**INPUT DATA**.
+++++

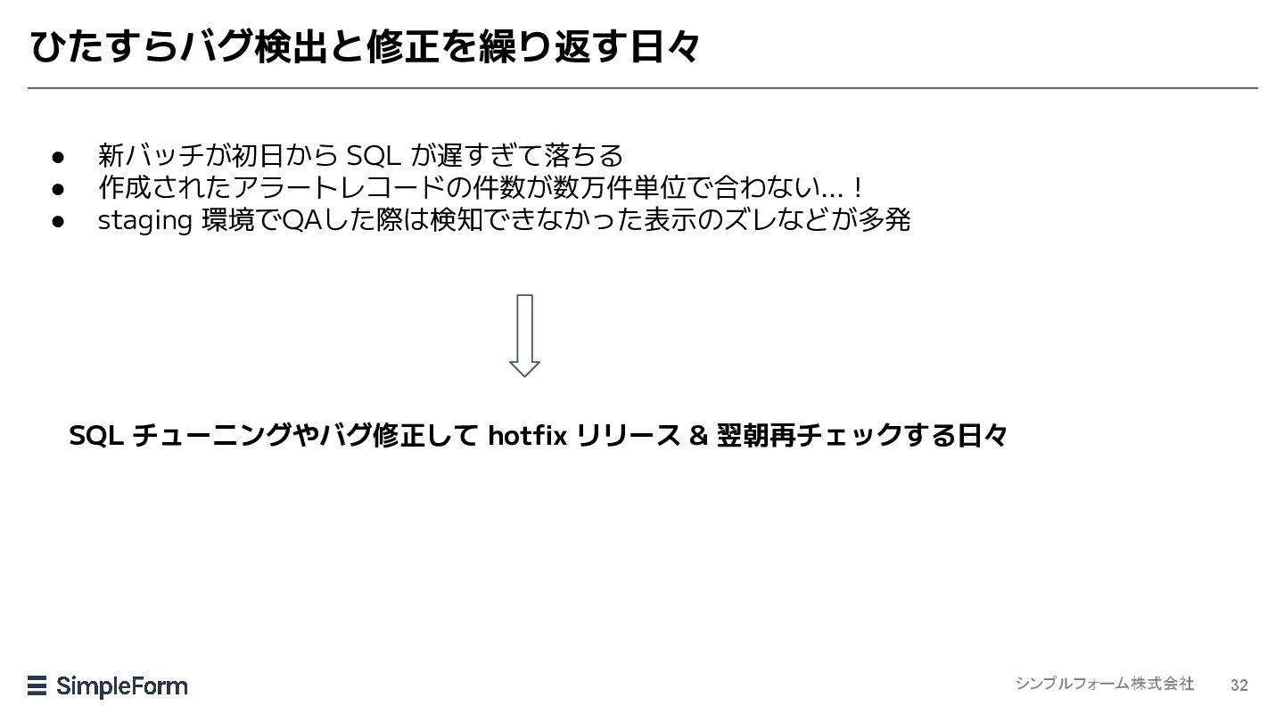 シンプルフォーム株式会社 ひたすらバグ検出と修正を繰り返す日々 32 • 新バッチが初日から SQL が遅すぎて落ちる • 作成されたアラートレコードの件数が数万件単位で合わない...! •
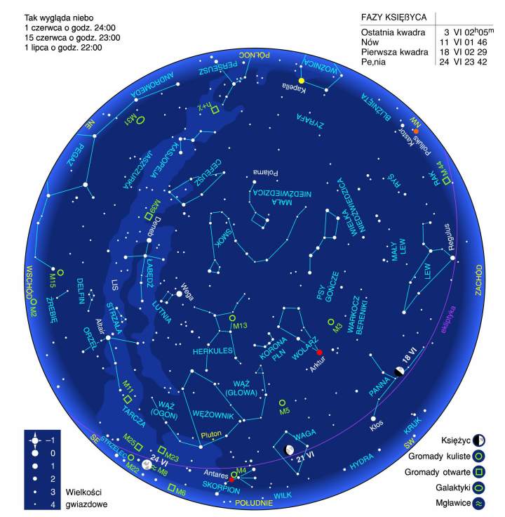 Niebo w wybranych dniach czerwcaZapowiedział, że 12 czerwca o godz. 18.43 Merkury znajdzie się w maksymalnej elongacji wschodniej (czyli w maksymalnej odległości kątowej od Słońca). To stworzy dobre warunki do obserwacji tej planety, które utrzymają się przez pierwszą połowę czerwca.
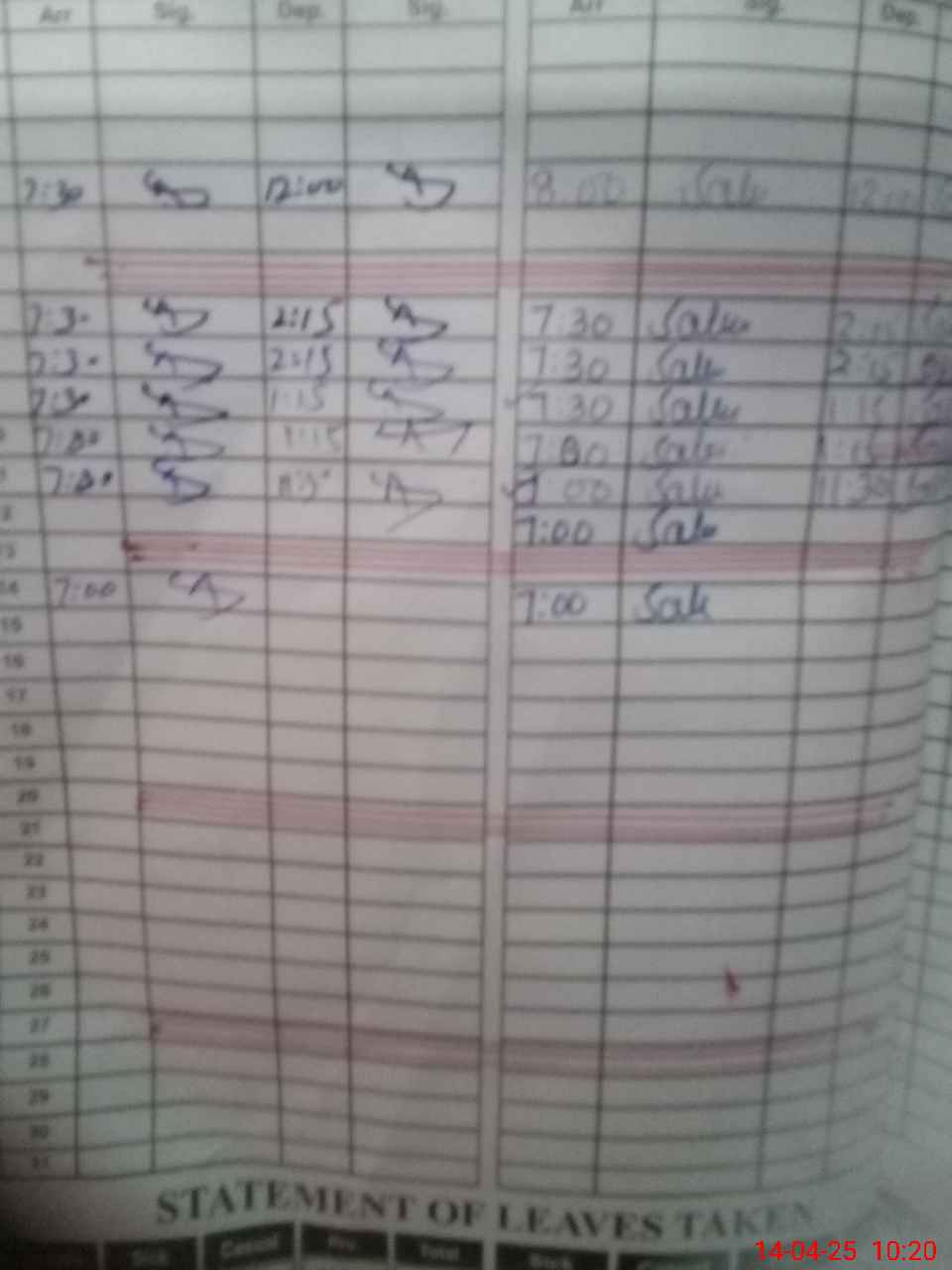 | Leave | Duty | Absent | Maternity | Medical | Ex- Pak |

+++++

**TASK ITEM**. Without the pictures, please reproduce each line of the listing above exactly, from the first one through the line bearing "Niebo w wybranych".

**REPLY TO THE EXERCISE**.
 シンプルフォーム株式会社 ひたすらバグ検出と修正を繰り返す日々 32 • 新バッチが初日から SQL が遅すぎて落ちる • 作成されたアラートレコードの件数が数万件単位で合わない...! •
 Niebo w wybranych dniach czerwcaZapowiedział, że 12 czerwca o godz. 18.43 Merkury znajdzie się w maksymalnej elongacji wschodniej (czyli w maksymalnej odległości kątowej od Słońca). To stworzy dobre warunki do obserwacji tej planety, które utrzymają się przez pierwszą połowę czerwca.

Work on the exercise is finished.